6.92k stars 666 forks source link

LSTM question #175

Open ldenoue opened 7 years ago

ldenoue commented 7 years ago

In http://caza.la/synaptic/#/dsr, input dimension is 6, output is 2. I thought an LSTM had the same input and output dimensions. When the output dimension is smaller, they use CTC algorithm to "align" the output sequence to the desired shorter label sequence. Could you clarify how your implementation manages to have different output dimensions? Thanks, Laurent

Jabher commented 7 years ago

@cazala this it yours thing to talk about :)

cazala commented 7 years ago

A regular LSTM is a network with 6 layers: input layer, input gate, forget gate memory cell, output gate and output layer (activated in that order). The layers that must have the same lenght are the input gate, forget gate, memory cell and output gate, basically because for each neuron in the memory cell, there's one neuron in the input gate gating all the inbound connection, a neuron in the forget gate gating the cell's self connection, and a neuron in the output gate gating all the outbound connections. The arrangement of these four neurons is called a memory block. The size of the input layer and output layer is independent of the size of the memory block, since they have all-to-all connections to the memory cell layer.

ldenoue commented 7 years ago

Yes, thanks Juan. For others, I attached below my email answer to your email.
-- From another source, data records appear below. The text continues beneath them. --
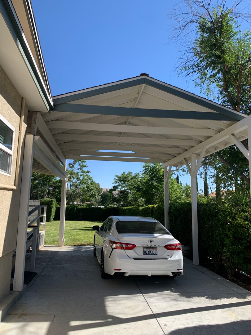 The fenced yard is beautifully landscaped with large grassy area and carport for 2 cars and extra storage.
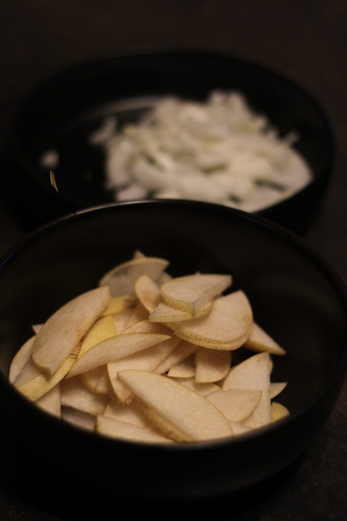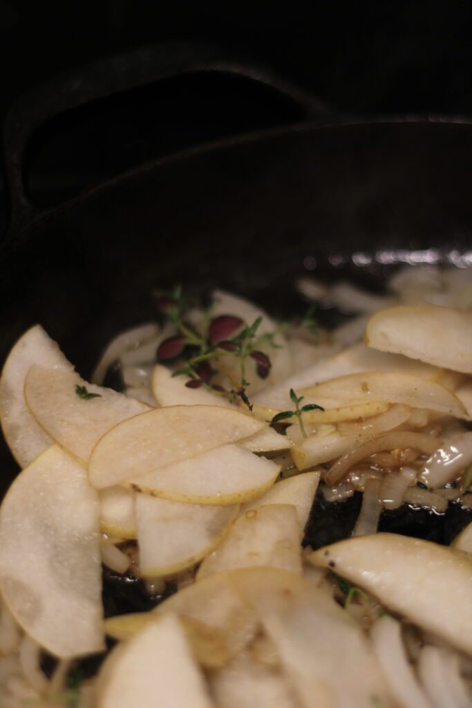 И яблоки. У меня дома на тот момент не было кислых яблок. Зеленые лучше всего. Поэтому я взяла Нэши — гибрид яблока и груши. И не прогадала. Во-первых, они плотные и хрустящие как яблоки, и пористые как груши, поэтому они прекрасно впитали соус и не потеряли форму. Во-вторых, они так подходили по цвету к этому блюду. Я не удержалась. Блюдо получилось очень теплое по краскам, нежного кремового цвета.
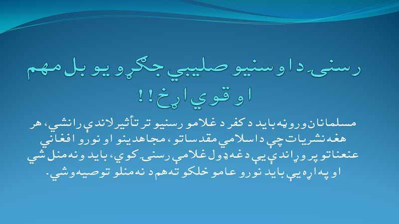 دغه ډول رسنۍ له ډېره وخته کېږي چې په اسلامي ټولنو کې د کفر لپاره خدمت تر سره کوي او بيا په ډېره سپين سترګۍ سره ادعا کوي چې ګواکې دوی ازاد خلک دي او په اسلامي نړۍ کې د مسلمانانو رسنيزه ازادي تأمينوي. خو په حقيقت کې همدوی د مسلمانانو تر منځ د نفاق او بې اتفاقيو اچوونکي دي.
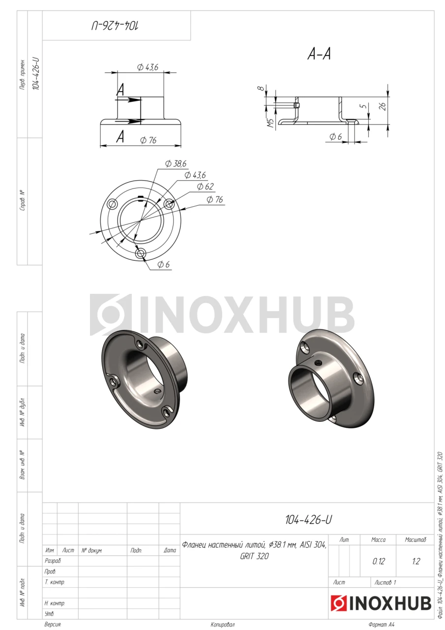 Фланец настенный литой, Ø38.1 мм, AISI 304, GRIT 320
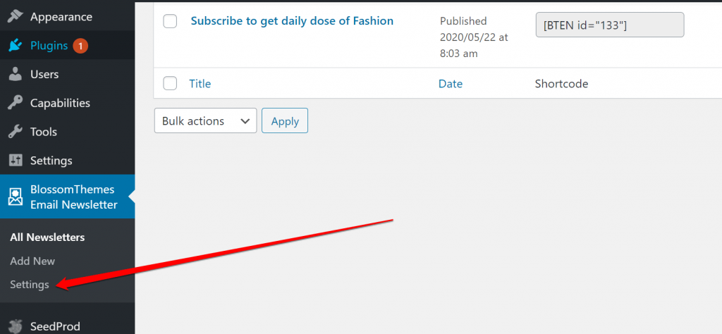 - Click on the BlossomThemes Email Newsletter button and select the Settings option below it.
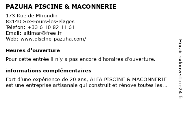 | Appeler PAZUHA PISCINE & MACONNERIE | |
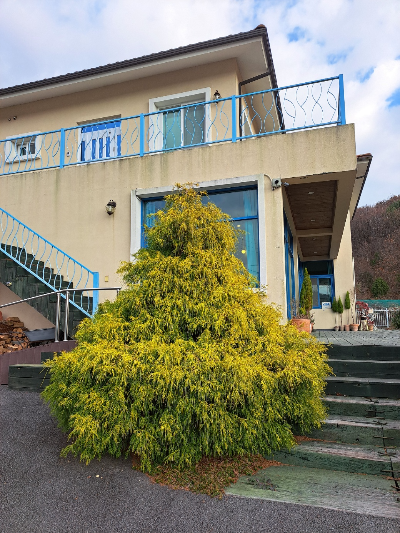 코티지 11 레스토랑 입구에 들어서면 율마 화분과 파란 문이 듬직하게 있어요. 지금은 겨울이라 문이 닫혀 있지만 날씨가 따뜻하면 늘 열려 있겠죠.
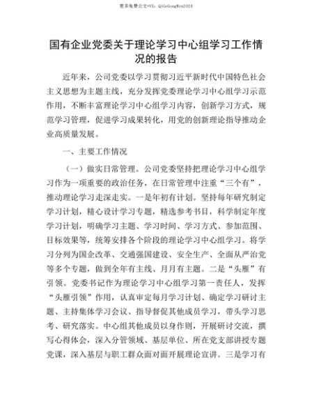 【七哥公文】2025年:【七哥公文】国有企业X委关于理论学习中心组学习工作情况的报告+更多免费公文+VX:QiGeGongWen2024+更多免费公文+VX:QiGeGongWen2024
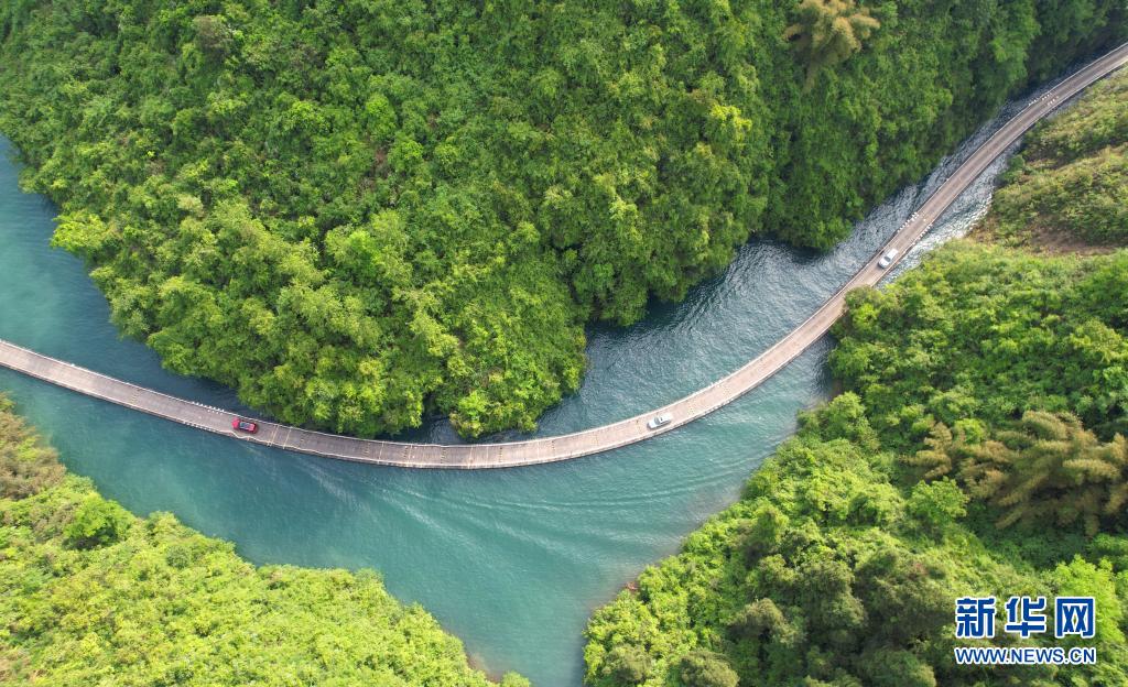 5月2日,游客在湖北省恩施土家族苗族自治州宣恩縣獅子關景區水上棧道駕車游玩(無人機照片)。新華社發(王俊 攝)

One question still: do you know somebody who has implemented an alignment algo like CTC in Synaptic?

"I reread the excellent OCR work published by Breuel et al on using lstm nets for OCR. You're actually right: they use an input size of 32 and output size of k (k being the number of letters in the Unicode they need to recognize). The need for CTC in their case is that they don't have an a priori alignment of the pixel columns (inputs) to the Unicode values: all they know in their training dataset is that one line image maps to a string of Unicode characters. That's why they use the CTC layer to train the net."